Все тонет в немоте и безжизненности распростертого мужского тела.
И это длится и длится.
Долго.
По временам безмолвие нарушает жужжание мушиных крыльев. Сперва они рассекают воздух очень решительно, но потом, полностью облетев комнату, затихают на теле мужчины. И снова улетают.
Иногда занавески слегка колышет небольшой сквознячок. Он заигрываете перелетными птицами, застывшими в желтом и синем небе, в котором полно дыр.
Даже у осы не получается своим зловещим гулом нарушить воцарившееся в комнате оцепенение. Она все рыщет и рыщет вокруг мужчины, садится на его лоб — непонятно, укусила или нет, — и взлетает к потолку, к подгнившим балкам, наверное, чтобы свить там гнездо. Но мечта о гнезде запутывается в уже свитой паучихой паутине.
Она сучит лапками. И больше ничего.
Ничего больше.
Потом снова ночь.
Стихают выстрелы.
Опять приходит соседка, напевая свою песню и заходясь в замогильном кашле. И сразу уходит.
Но женщина так и не вернулась.
Рассвет.
Мулла призывает к молитве. Орудия умолкли. Но чувствуется запах дыма и пороховая гарь.
И только с первыми солнечными лучами, проникшими сквозь дыры в желтом и синем небе на шторке, возвращается женщина. Совсем одна. Сразу проходит в комнату, к мужу. Снимает с головы чадру. Некоторое время просто стоит. Взглядом проверяет, все ли на месте. Все осталось как было. Никаких изменений. Только кружка капельницы опустела.

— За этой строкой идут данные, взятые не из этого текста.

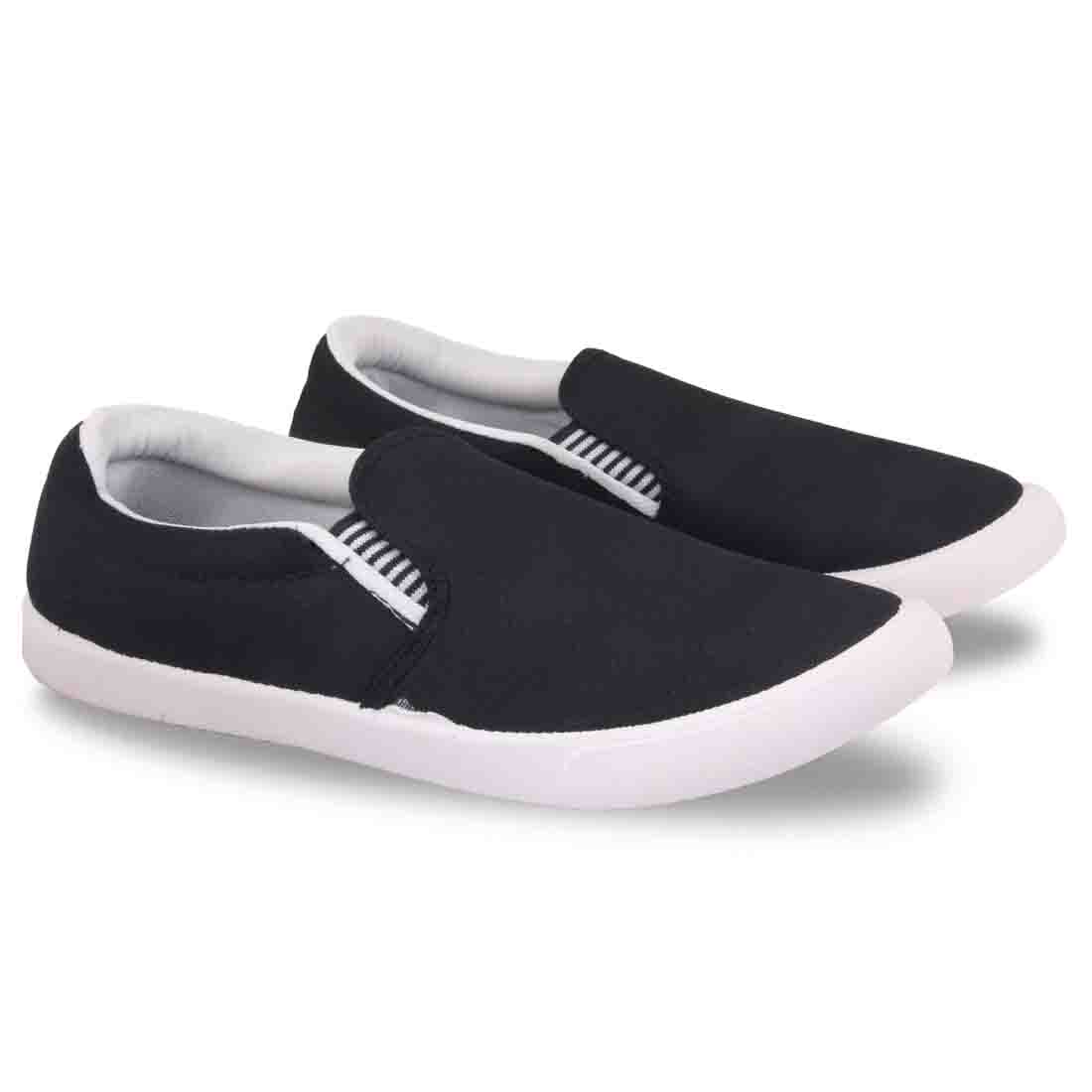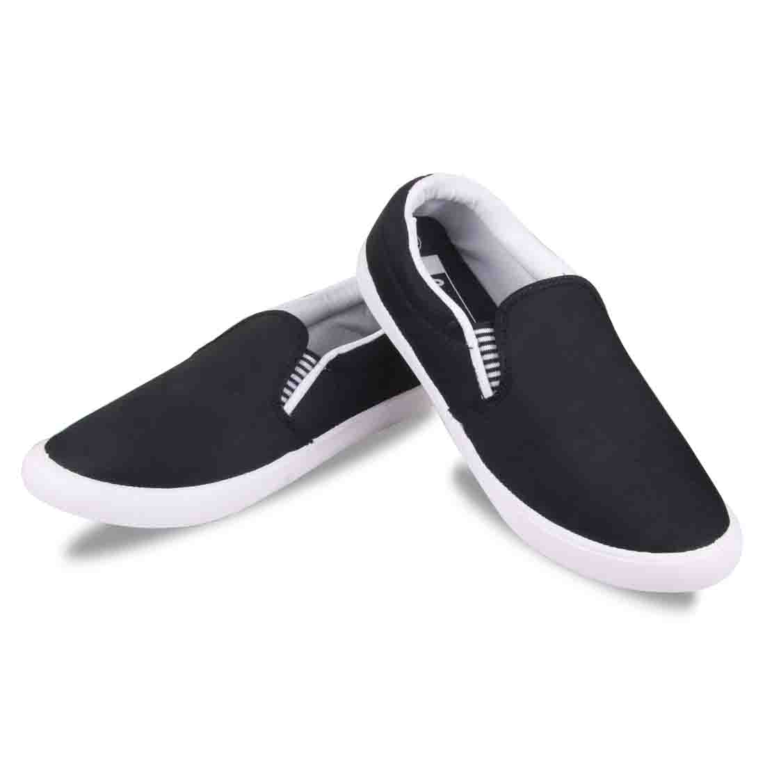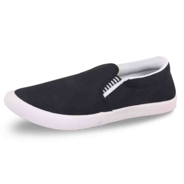 A pair of black denim loafers ,has regular styling,

Успокоившись, женщина оживляется. Нетвердой походкой добирается до матраса, на котором ее муж лежит полуголый, как она оставила его накануне. Она долго-долго смотрит на него, словно снова собирается посчитать частоту его вдохов-выдохов. Хочет сесть и вдруг застывает, вскрикнув: «Где Коран?!» Взгляд опять полон страхом до краев. Она перерывает все углы в комнате. Никаких следов слова Божьего. «А четки?» Их она находит под подушкой. «Был кто-то еще?!» Снова сомнение. Снова тревога. «Вчера, был ли Коран вчера?!» Она не знает ответа и, кажется, вот-вот рухнет наземь в полном отчаянии. И вдруг: «Перо!» — кричит она, с яростью роясь во всем вокруг. «Господи Боже мой! Перо!»
Становится слышно, как на улице громко перекрикиваются между собой соседские дети. Они бегают, резвясь среди развалин:
— Хаджи мор Але?
— Бале?
— Чья будет вода? А чей — огонь?
Женщина подходит к окну, раздвигает занавески, окликает их: «Видели, как кто-нибудь входил в дом?» Все хором отвечают: «Нет!», и опять принимаются играть: «Чур, огонь — мой!»
Она выходит из комнаты, ищет повсюду в доме.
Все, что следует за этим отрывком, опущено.